To train a PAM model, we used 10-fold cross-validation. We create a test set that is approximately 10% of the total data and use the remaining 90% to train the model. We use the internal cross-validation functions provided in the pamr package (Hastie et al., 2014) to produce a shrinkage threshold and determine the number of genes necessary to make predictions. We then apply this predictor both in the test set, which comes from the same platform, and on other microarray datasets that used different platforms. This process is repeated within each of the cross-validation folds to get average prediction accuracies and standard deviations. When predicting tumor grade (1–3 with increasing severity), we restricted to patients graded 1 or 3 as grade 2 is considered to be ambiguous.

3 Results

3.1 Normalization makes patient predictions depend on other patients’ data

Consider the PAM50 signature (Parker et al., 2009). The class assignment for a new patient is made by calculating a measure of closeness between the new patient and the average patient profile in each possible class, then choosing the class that was closest to the sample.
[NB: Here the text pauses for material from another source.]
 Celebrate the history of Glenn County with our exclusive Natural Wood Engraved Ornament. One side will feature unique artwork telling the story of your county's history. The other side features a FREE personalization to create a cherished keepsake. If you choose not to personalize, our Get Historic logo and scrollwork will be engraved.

For example, PAM50 consists of 50 genes and predicts five classes, so each class centroid is a profile of the average expression of each of the 50 genes within that class. The authors used correlation as a measure of closeness for a given sample to each class centroid, i.e. correlation is calculated between the 50 genes in the patient sample and the 50 genes in each class centroid. This is the step that necessitates suitable rescaling of the test data before predictions are made.
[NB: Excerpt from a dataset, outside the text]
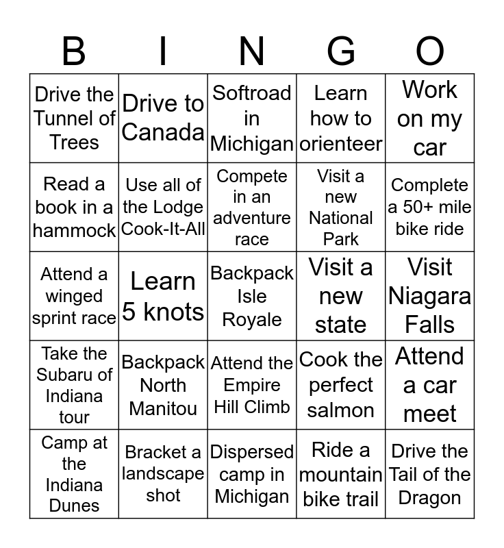 This bingo card has a free space and 24 words: Backpack North Manitou, Bracket a landscape shot, Compete in an adventure race, Camp at the Indiana Dunes, Work on my car, Drive the Tunnel of Trees, Read a book in a hammock, Drive to Canada, Visit a new state, Attend the Empire Hill Climb, Visit a new National Park, Attend a winged sprint race, Cook the perfect salmon, Attend a car meet, Use all of the Lodge Cook-It-All, Ride a mountain bike trail, Visit Niagara Falls, Softroad in Michigan, Complete a 50+ mile bike ride, Learn 5 knots, Drive the Tail of the Dragon, Take the Subaru of Indiana tour, Learn how to orienteer and Dispersed camp in Michigan.

We considered two scenarios, which illustrate how PAM50 can produce varying subtype predictions for a particular patient when the data for other patients used in normalization varies. We used data from GSE7390 (n = 198), an experiment conducted using the Affymetrix hgu133plus2 microarray. In each experiment, we normalized the gene expression measurements in the test set to fall between 0 and 1.
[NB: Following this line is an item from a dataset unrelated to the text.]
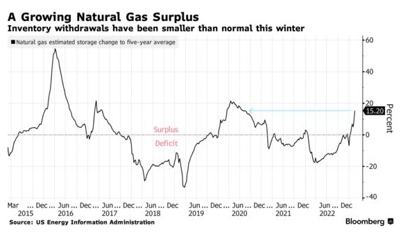 美国当前天然气储量丰富,如图4所示,美国取暖和发电厂燃料的库存与五年平均水平相比,处于2020年8月以来的最高水平,当时消费因疫情相关的封锁受到了抑制。此外,暖冬和气温的季节性转变可能会导致库存进一步攀升,可能达到2016年和2017年以来的最高水平。值得一提的是,由于生产商暗示产量增长放缓,天然气期货价格在上周跌破每百万英热单位2美元后,最近几天有所反弹。

First, we created predictions where we normalized all patients together. Then we calculated predictions for the same patients when normalized in smaller groups (n = 2,10,20,40,80,100,120) and measured the agreement between the predictions for the exact same patient when normalized with all patients versus a smaller subset of patients. When normalized in small batches, the predictions for the same patient changed compared with the case where all patients were normalized together (Fig. 2A).

Fig. 2.

Fig. 2.

Predictions for an individual patient can change depending on how many and what type of patients are included in the normalization step. (A) We first predicted the PAM50 subtype on an entire set of patients (Affymetrix hgu133plus2; GSE7390; n = 198). We then took 100 random samples of patient subsets ranging from 2 to 120 patients and predicted their subtypes with data normalization. We compared this newly predicted subtype to each patient’s originally predicted subtype and calculated agreement. Actual data are jittered and overlayed on the boxplot. We find that there is significant variation in percent concordance when a small subset of patients is subtyped in comparison to the entire patient population. (B) From the same setup, we took 100 random samples each of 40 patients and varied the percentage of ER-positive and ER-negative patients in the sample. That is, 0% on the X-axis corresponds to 0% (0/40) ER-negative patients and 100% (40/40) ER-positive patients in the sample. We then predicted subtypes on this subset and compared these newly predicted subtypes to the original predictions. The average concordance is plotted with ± 1SE bands. We note that the original population is 32% ER negative (dashed green line), which is where we see close to maximal concordance

Next we predicted on patient populations that varied in the distribution of estrogen receptor (ER) status, which is an important factor in breast cancer prognosis and treatment. Again we applied the PAM50 predictor to the entire test set. Then we created subsets of the entire test set with differing percentages of ER-negative patients and applied the predictor to each subset. When the percentage of ER-negative patients in the subset matched the percentage in the entire test set, patient subtypes best agreed with the original predictions on the entire test set. However, when the ER status of the other patients in the test set varied, the predictions for the same patient were often different (Fig. 2B).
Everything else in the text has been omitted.